━━━━━ Provided material

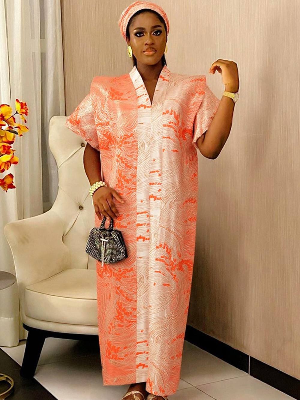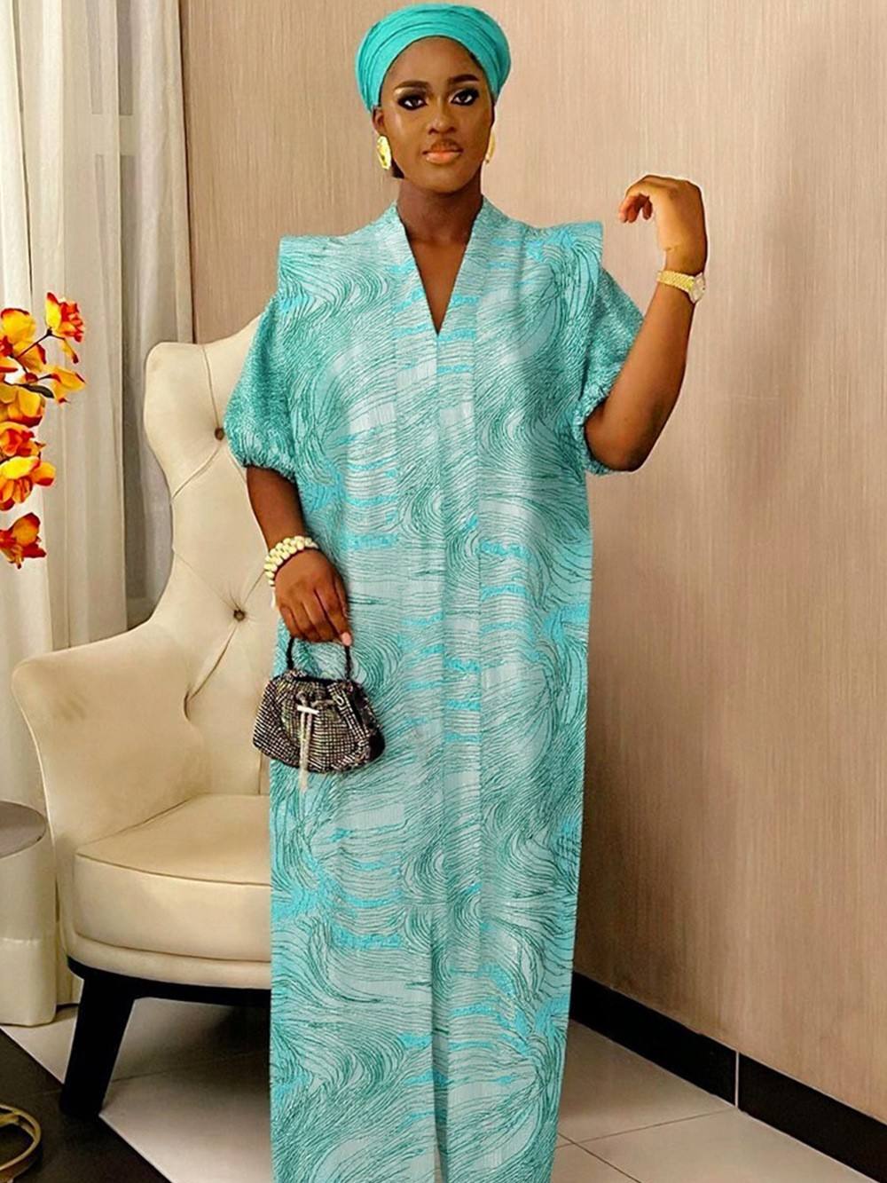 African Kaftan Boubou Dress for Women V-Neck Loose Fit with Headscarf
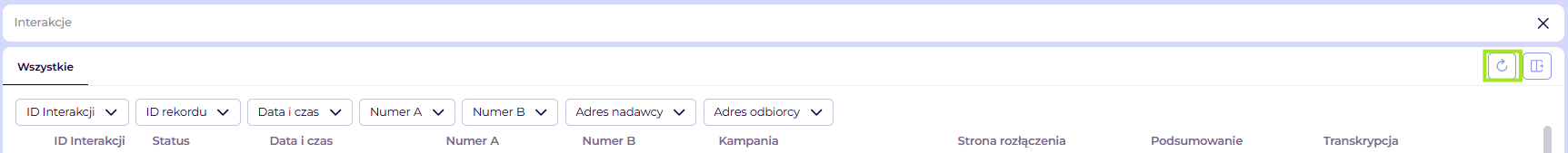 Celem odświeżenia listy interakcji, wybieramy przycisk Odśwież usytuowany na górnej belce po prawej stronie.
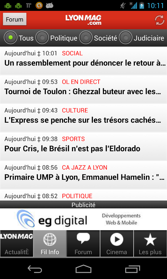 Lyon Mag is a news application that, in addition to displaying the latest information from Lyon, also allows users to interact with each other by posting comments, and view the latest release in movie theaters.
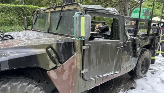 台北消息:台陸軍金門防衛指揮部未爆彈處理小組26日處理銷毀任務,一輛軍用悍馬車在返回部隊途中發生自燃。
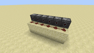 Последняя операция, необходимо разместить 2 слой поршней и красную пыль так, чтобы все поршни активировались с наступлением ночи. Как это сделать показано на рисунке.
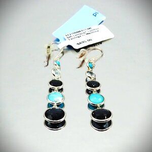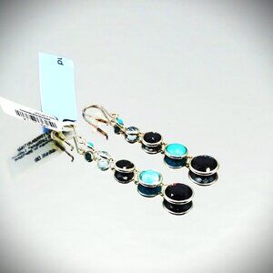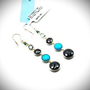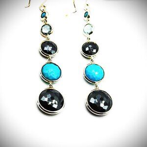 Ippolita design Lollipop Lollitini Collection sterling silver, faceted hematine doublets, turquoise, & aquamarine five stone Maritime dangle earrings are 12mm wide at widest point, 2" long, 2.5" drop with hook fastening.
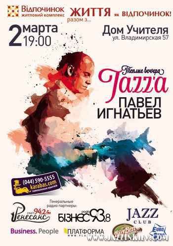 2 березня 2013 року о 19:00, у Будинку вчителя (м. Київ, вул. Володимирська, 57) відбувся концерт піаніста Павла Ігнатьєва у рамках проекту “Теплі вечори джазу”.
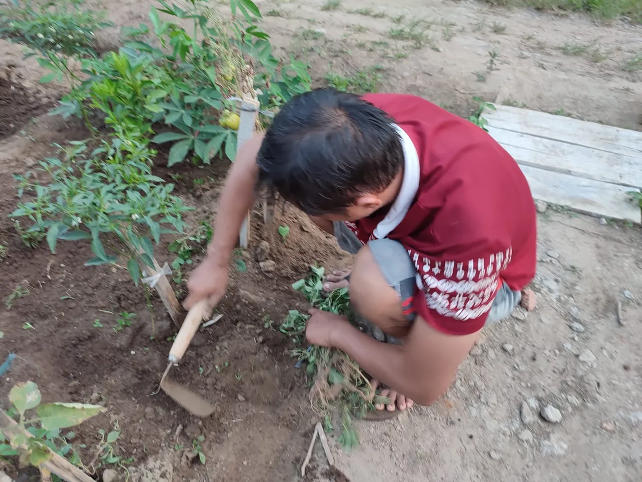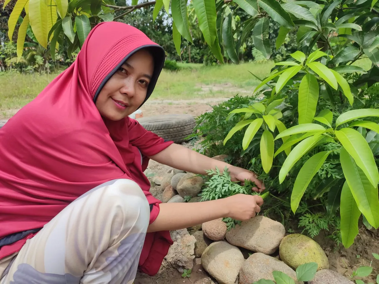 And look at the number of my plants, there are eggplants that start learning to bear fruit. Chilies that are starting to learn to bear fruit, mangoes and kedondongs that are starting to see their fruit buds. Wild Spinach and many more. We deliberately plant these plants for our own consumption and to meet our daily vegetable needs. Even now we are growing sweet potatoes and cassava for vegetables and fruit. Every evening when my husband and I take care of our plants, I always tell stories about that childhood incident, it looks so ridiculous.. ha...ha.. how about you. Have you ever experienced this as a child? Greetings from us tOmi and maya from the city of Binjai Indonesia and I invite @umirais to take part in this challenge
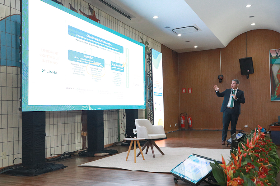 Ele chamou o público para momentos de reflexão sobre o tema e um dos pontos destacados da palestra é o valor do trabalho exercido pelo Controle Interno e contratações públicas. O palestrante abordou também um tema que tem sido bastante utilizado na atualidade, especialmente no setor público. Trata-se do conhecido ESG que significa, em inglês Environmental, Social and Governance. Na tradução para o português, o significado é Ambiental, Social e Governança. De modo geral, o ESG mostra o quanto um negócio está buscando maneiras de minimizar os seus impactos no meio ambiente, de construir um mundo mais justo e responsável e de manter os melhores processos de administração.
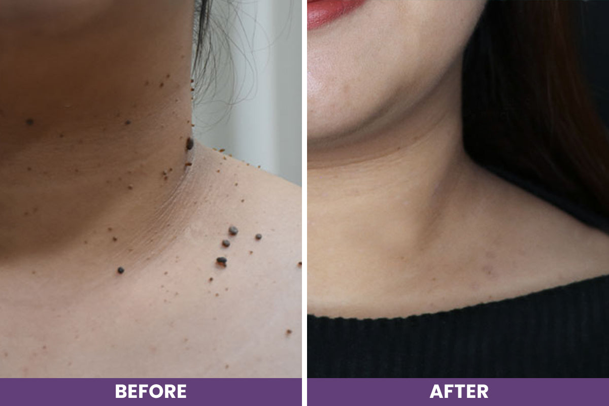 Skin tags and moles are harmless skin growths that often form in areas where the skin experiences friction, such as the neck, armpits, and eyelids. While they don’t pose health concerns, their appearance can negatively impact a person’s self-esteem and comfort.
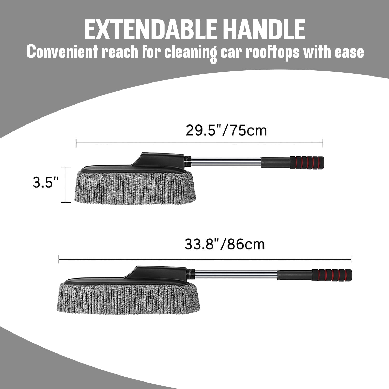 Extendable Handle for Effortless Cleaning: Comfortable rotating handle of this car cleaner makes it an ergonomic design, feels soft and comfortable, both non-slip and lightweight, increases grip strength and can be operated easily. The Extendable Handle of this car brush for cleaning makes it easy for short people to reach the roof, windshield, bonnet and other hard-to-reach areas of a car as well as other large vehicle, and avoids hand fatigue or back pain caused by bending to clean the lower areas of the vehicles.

━━━━━━━━━━
━━━━━ Provided material

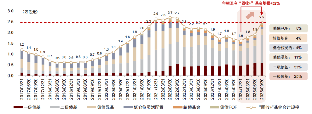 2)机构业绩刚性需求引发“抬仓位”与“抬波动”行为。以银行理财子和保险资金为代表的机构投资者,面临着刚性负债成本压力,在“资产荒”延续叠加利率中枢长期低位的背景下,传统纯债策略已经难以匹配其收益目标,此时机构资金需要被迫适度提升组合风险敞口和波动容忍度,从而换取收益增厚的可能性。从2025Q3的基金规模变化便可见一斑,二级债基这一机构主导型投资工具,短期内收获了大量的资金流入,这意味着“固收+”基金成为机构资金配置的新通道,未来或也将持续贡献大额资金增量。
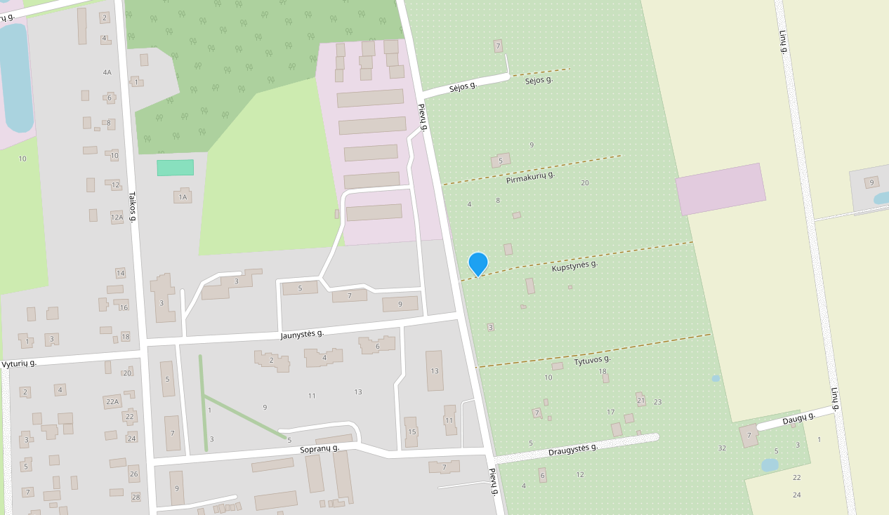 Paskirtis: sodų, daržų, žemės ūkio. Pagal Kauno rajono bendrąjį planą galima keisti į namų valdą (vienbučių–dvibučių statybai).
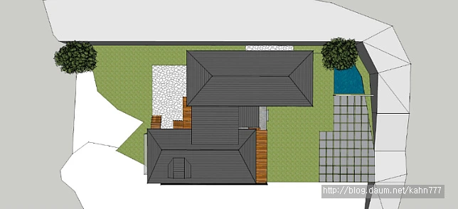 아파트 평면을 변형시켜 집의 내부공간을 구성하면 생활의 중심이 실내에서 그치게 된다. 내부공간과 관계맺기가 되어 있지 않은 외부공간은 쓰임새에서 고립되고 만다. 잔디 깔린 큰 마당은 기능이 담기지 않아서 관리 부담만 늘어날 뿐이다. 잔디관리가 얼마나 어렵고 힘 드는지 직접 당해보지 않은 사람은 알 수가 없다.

━━━━━━━━━━

Problem description » From the records above, transcribe only the stretch from the line with "African Kaftan Boubou" through the line with "台北消息:台陸軍金門防衛指揮", keeping both ends. Omit pictures.

Answer box »
 African Kaftan Boubou Dress for Women V-Neck Loose Fit with Headscarf
 Celem odświeżenia listy interakcji, wybieramy przycisk Odśwież usytuowany na górnej belce po prawej stronie.
 Lyon Mag is a news application that, in addition to displaying the latest information from Lyon, also allows users to interact with each other by posting comments, and view the latest release in movie theaters.
 台北消息:台陸軍金門防衛指揮部未爆彈處理小組26日處理銷毀任務,一輛軍用悍馬車在返回部隊途中發生自燃。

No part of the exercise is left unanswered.